Contraindications to the procedure
Arthrography is not performed during pregnancy and breastfeeding. It is also advisable to postpone the use of this method of examination in the acute stage of arthritis, it is worth waiting at least for the condition in which arthritis from the acute form passes into the usual form.
Contraindications include infectious joint disease, blood clotting disorders, skin diseases, external skin and mucous membranes.

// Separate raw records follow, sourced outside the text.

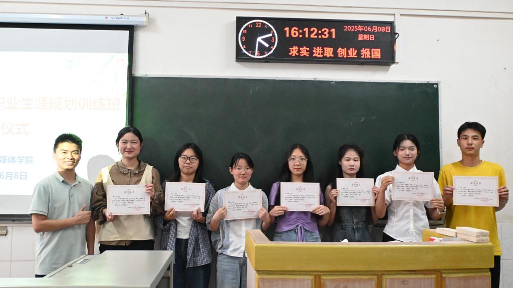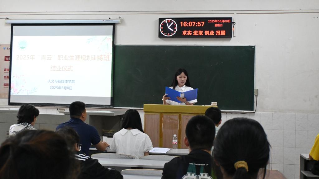 (通讯员 胡雅洁 杨敬萱)6月8日下午,bv1946伟德第二届“青云”职业规划训练班结业仪式在西校区顺利举行,学院辅导员彭超、耿传令,院员工会成员及第二届“青云”班全体学员积极参与。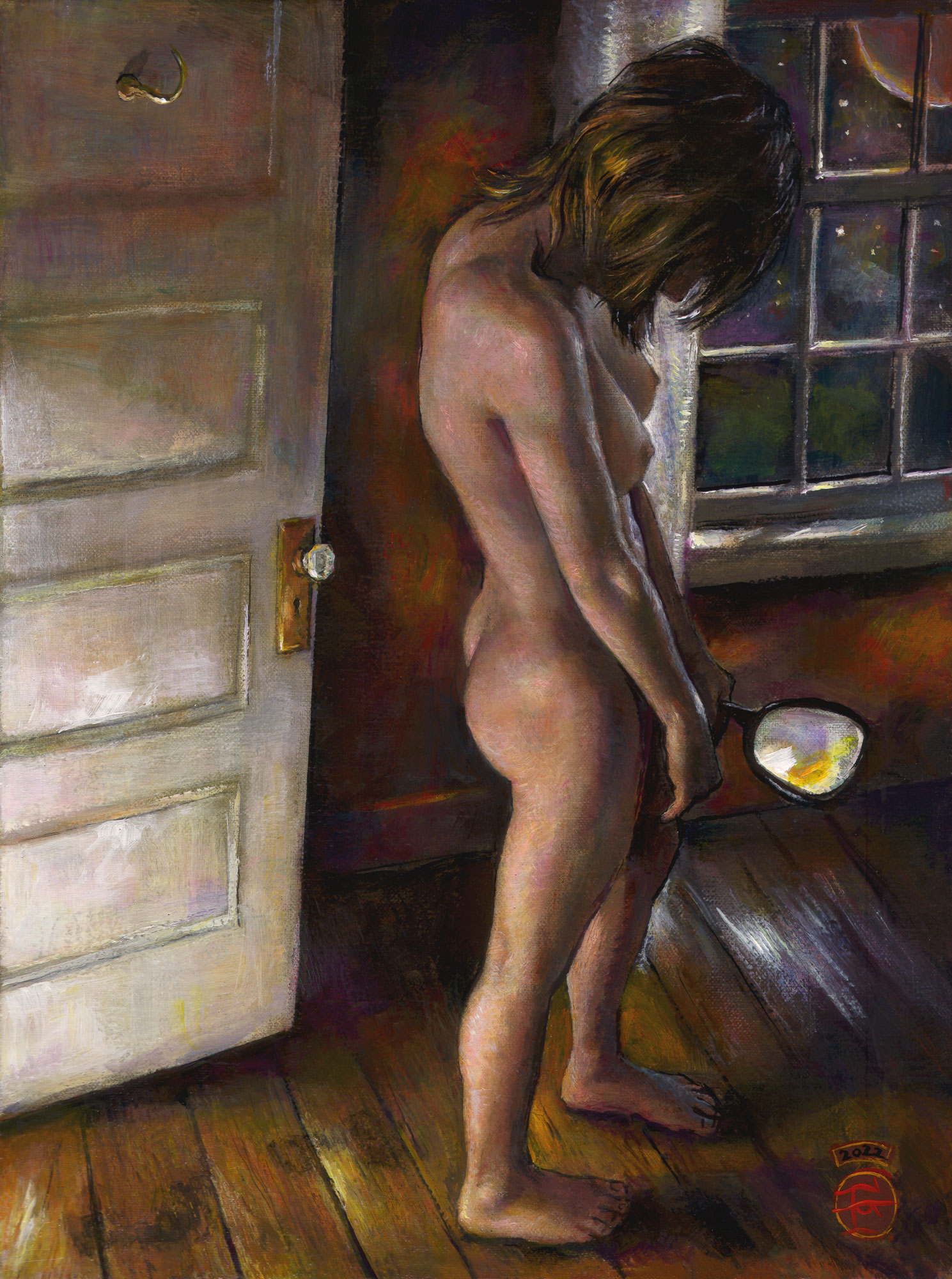 Additional keywords: original art, painting, female nude, interior, door, moon, starry night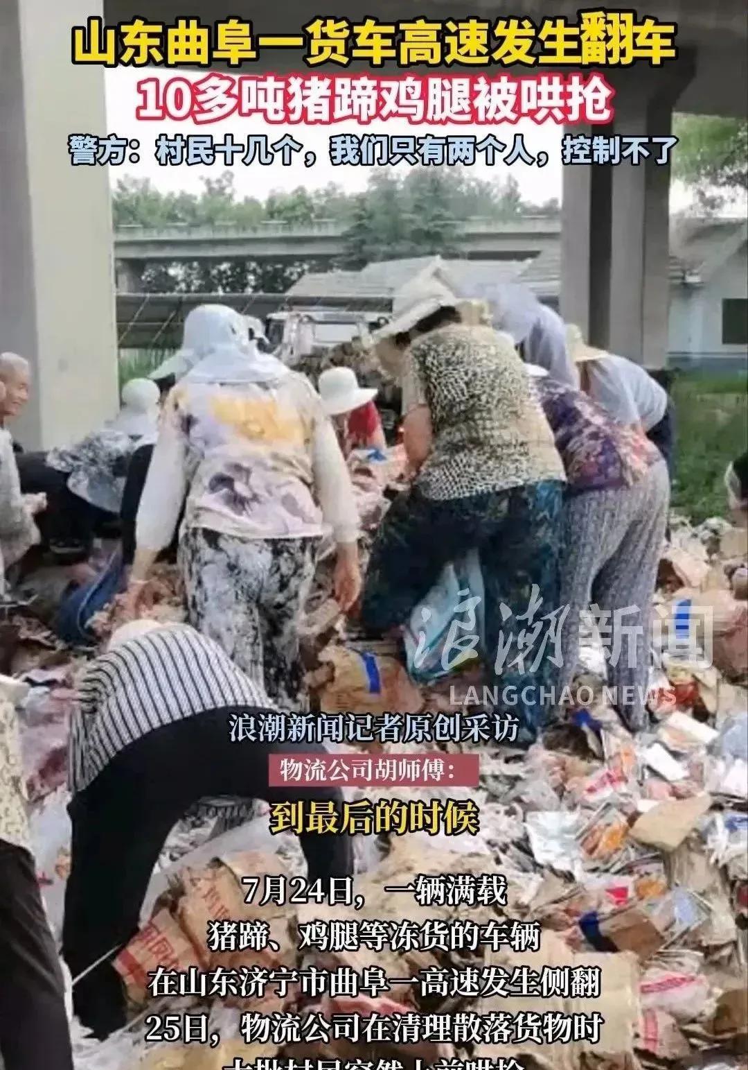 孔子老家曲阜,竟然发生哄抢货物事件!!! 2025年了,在孔子老家竟然发生这种事情,简直是不敢想象,不可思议,不忍直视。 7月25日,山东曲阜附近一货车坠桥,10吨鸡腿猪蹄等冻品遭村民哄抢,随后派出所民警到现场制止,然后质问这些村民:这是你们的么,你就拿,你们好意思么?但是大家似乎无动于衷,还是继续拿。 目前货车车主称:损失约40万元,这是抢劫,欲立案追回。 给曲阜派出所民警点赞,民警到达现场后,严厉呵斥。至少起到了震慑的作用。 极小数的几个人,成功地抹黑了整个曲阜,波及山东,连孔夫子都觉脸上无光。 有句古话说的好:穷生奸计,富长良心。 山东还得大力发展经济啊。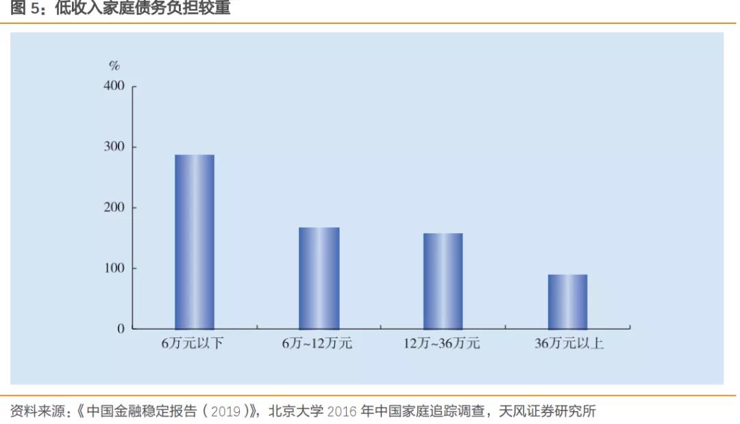 央行关注低收入家庭债务负担过重的问题。根据北京大学开展的2016年中国家庭追踪调查,从债务收入比来看,低收入家庭的债务负担整体重于高收入家庭。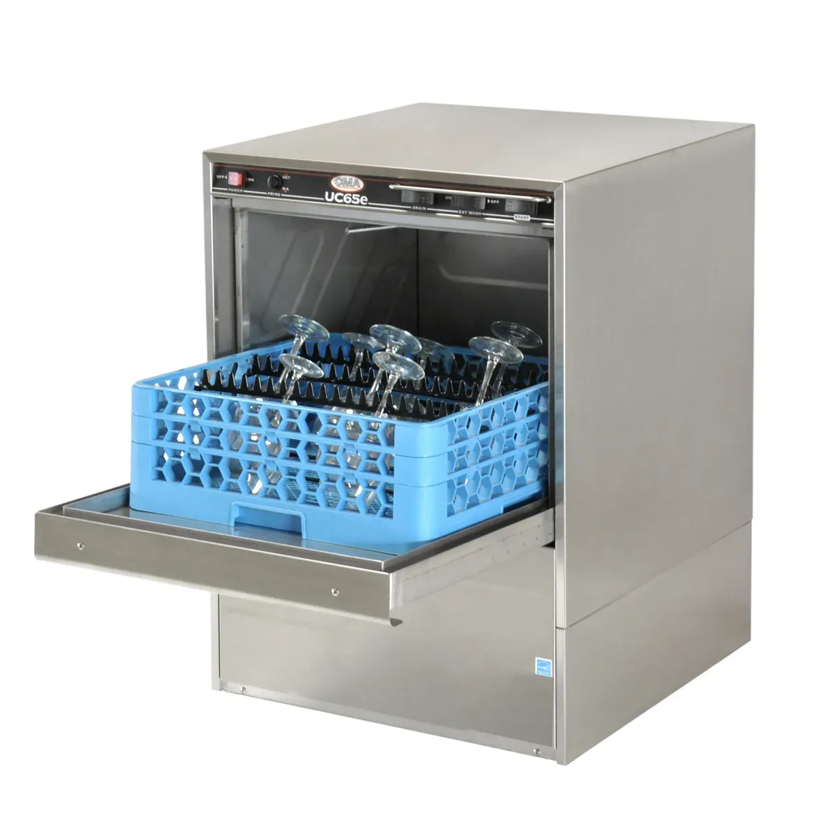 Cook with confidence and flair with the CMA Dishmachines UC 65E Undercounter Dishwasher. This high-performance dishwasher is designed specifically for commercial restaurant use, ensuring that your dishes are thoroughly cleaned and sanitized with ease. With a built-in 4.0 kW booster heater and a 2.0 kW tank heater, this dishwasher delivers high-temperature sanitizing for optimal cleanliness. It has a generous 30 racks per hour capacity, allowing you to efficiently clean a large volume of dishes. The upper and lower stainless steel rotating wash and rinse arms ensure thorough coverage, while the triple filtering protection system keeps your water clean and free from debris. Made with durable stainless steel construction, this dishwasher is built to withstand the demands of a busy restaurant kitchen. It also includes a peg rack and an open rack for added convenience. NSF, cETLus, and ENERGY STAR certified, the CMA Dishmachines UC 65E Undercounter Dishwasher is a reliable and efficient choice for any commercial restaurant.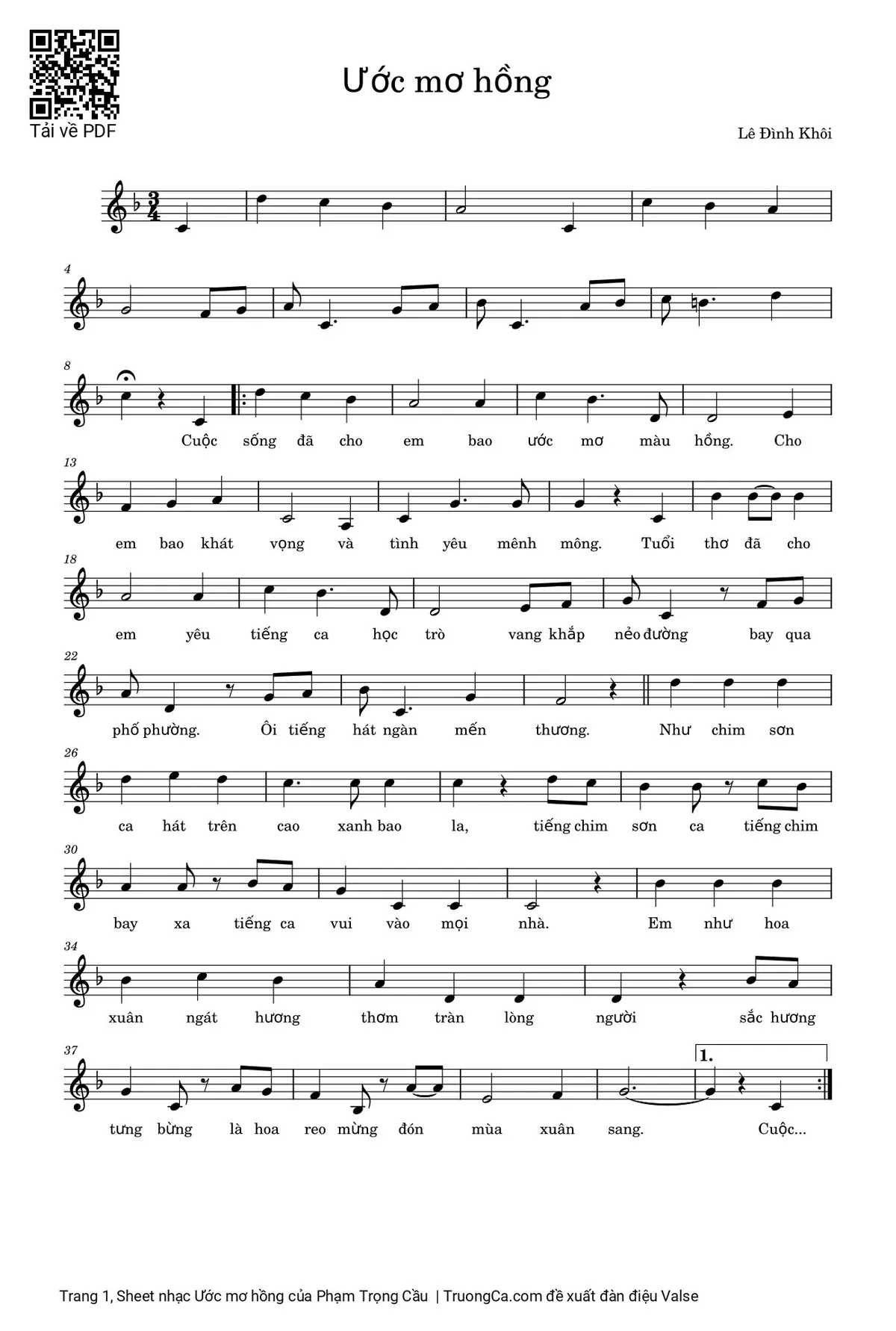 Phạm Trọng Cầu Cuộc sống đã cho em bao ước mơ màu hồng [PDF] [Sheet] [Lời H.A] [Mp4/Midi]

The method may also be contraindicated in case of a tendency to allergic reactions. In particular, a strict contraindication is an allergic reaction to iodine and iodine-containing compounds.
Complications after the procedure
Usually the procedure is quick, side effects and negative consequences are rare. Pain may occur during the injection (administration of the drug), and may also persist for some time after the procedure (at least the first 1-2 hours). In exceptional cases, allergic reactions occur, especially if the person has a tendency to hypersensitivity and anaphylaxis.
The main complications are considered to be the development of inflammatory processes that arise as a consequence of the intervention. This may be an individual reaction of the body, or a consequence of incorrect or unclear administration of the drug. Against the background of increased sensitization of the body, an allergic reaction may develop, the severity of which can vary widely, ranging from an allergic rash, burning, irritation, and ending with anaphylactic shock.
If sanitary and hygienic requirements and aseptic rules are not observed, an infectious process, purulent-septic, inflammatory conditions may develop.
Crepitation processes, which are accompanied by a feeling of crunching, clicking when moving the joint, can also be considered as complications. A feeling of burning, distension, swelling in the joint area can also be observed for several days.
Care after the procedure
After the procedure, it is necessary to immobilize the joint that was examined. The immobilization period is 12 hours. In order to ensure the immobility of the joint, elastic bandages and bandages are applied. A special knee pad is used to immobilize the knee joint. Movements after 12 hours should be gradual and easy. To reduce swelling, ice is applied to the affected area.
If pain occurs, anti-inflammatory or painkillers should be used. If the temperature rises or a large amount of fluid is released from the joint, you should immediately consult a doctor. Also, if swelling, redness, hyperemia in the injection area develops, an immediate consultation with a doctor is also required. Physical activity should be limited for some time. Otherwise, arthrography does not require changing the usual regime.